> Exercise instructions
Without the pictures, output the lines of the material from the very first through the one that holds "T-shirt per neonati".
[[ Dataset records, beginning ]]
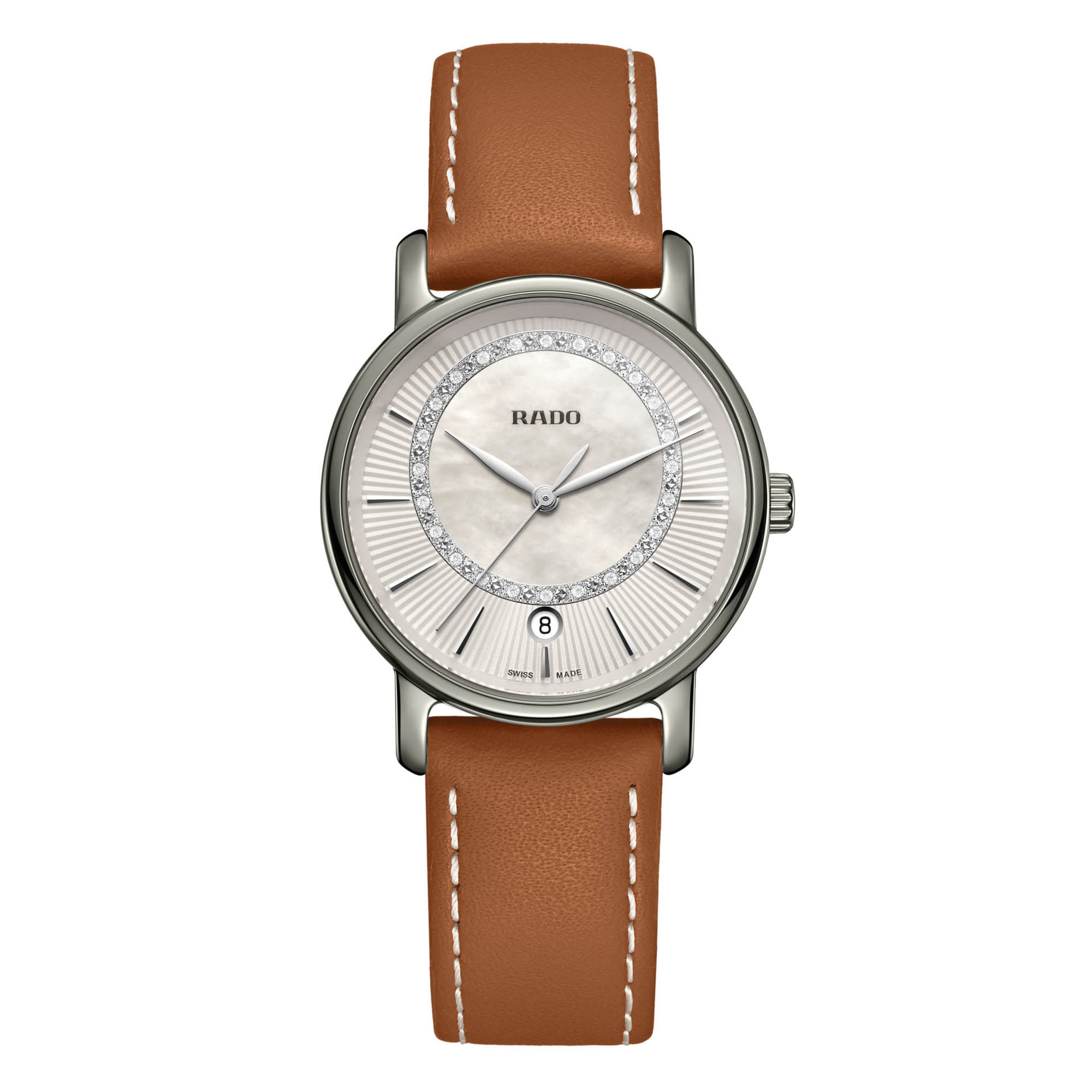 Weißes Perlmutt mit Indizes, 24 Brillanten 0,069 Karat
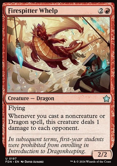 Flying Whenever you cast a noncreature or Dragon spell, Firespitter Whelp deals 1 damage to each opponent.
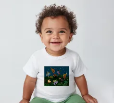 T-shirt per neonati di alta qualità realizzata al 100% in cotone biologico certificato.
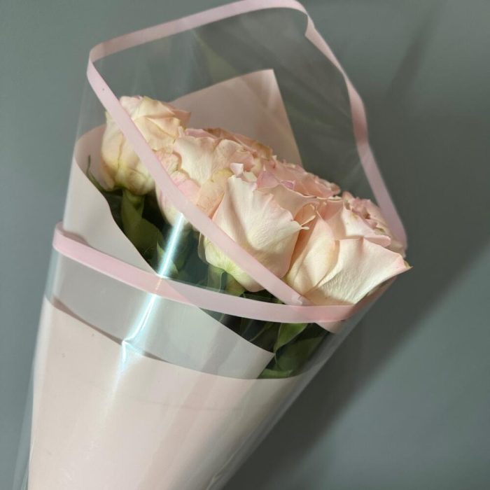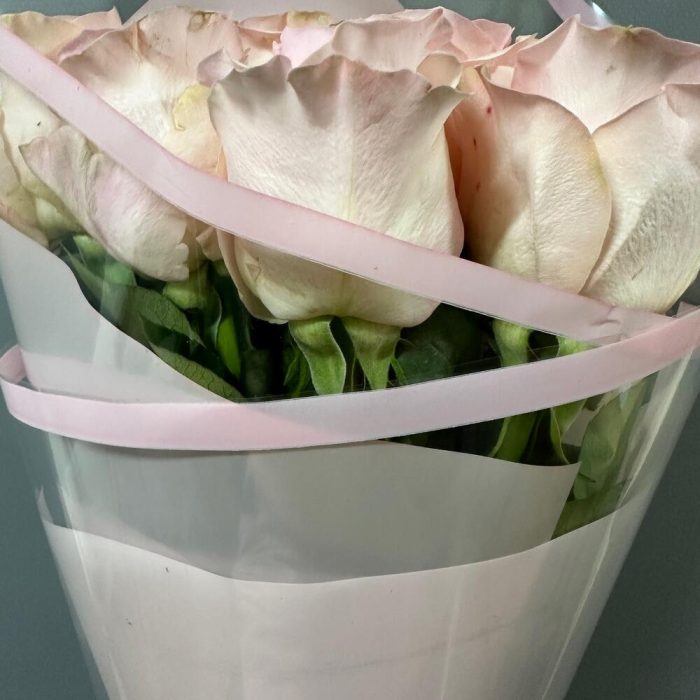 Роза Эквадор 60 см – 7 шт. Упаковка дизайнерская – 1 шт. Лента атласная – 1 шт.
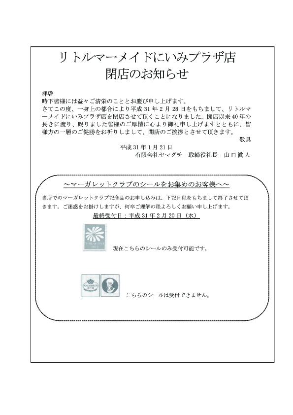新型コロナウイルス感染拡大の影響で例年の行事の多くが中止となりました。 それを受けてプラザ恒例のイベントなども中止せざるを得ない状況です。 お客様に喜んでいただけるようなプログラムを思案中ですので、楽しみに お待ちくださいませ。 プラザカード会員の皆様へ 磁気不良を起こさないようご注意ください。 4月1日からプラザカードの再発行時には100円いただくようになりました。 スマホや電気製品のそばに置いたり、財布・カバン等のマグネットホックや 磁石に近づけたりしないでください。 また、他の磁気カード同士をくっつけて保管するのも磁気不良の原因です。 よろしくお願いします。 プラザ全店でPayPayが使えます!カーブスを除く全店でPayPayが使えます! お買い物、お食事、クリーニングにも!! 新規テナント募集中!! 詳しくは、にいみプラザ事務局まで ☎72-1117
[[ Dataset records, end ]]
> Response area
 Weißes Perlmutt mit Indizes, 24 Brillanten 0,069 Karat
 Flying Whenever you cast a noncreature or Dragon spell, Firespitter Whelp deals 1 damage to each opponent.
 T-shirt per neonati di alta qualità realizzata al 100% in cotone biologico certificato.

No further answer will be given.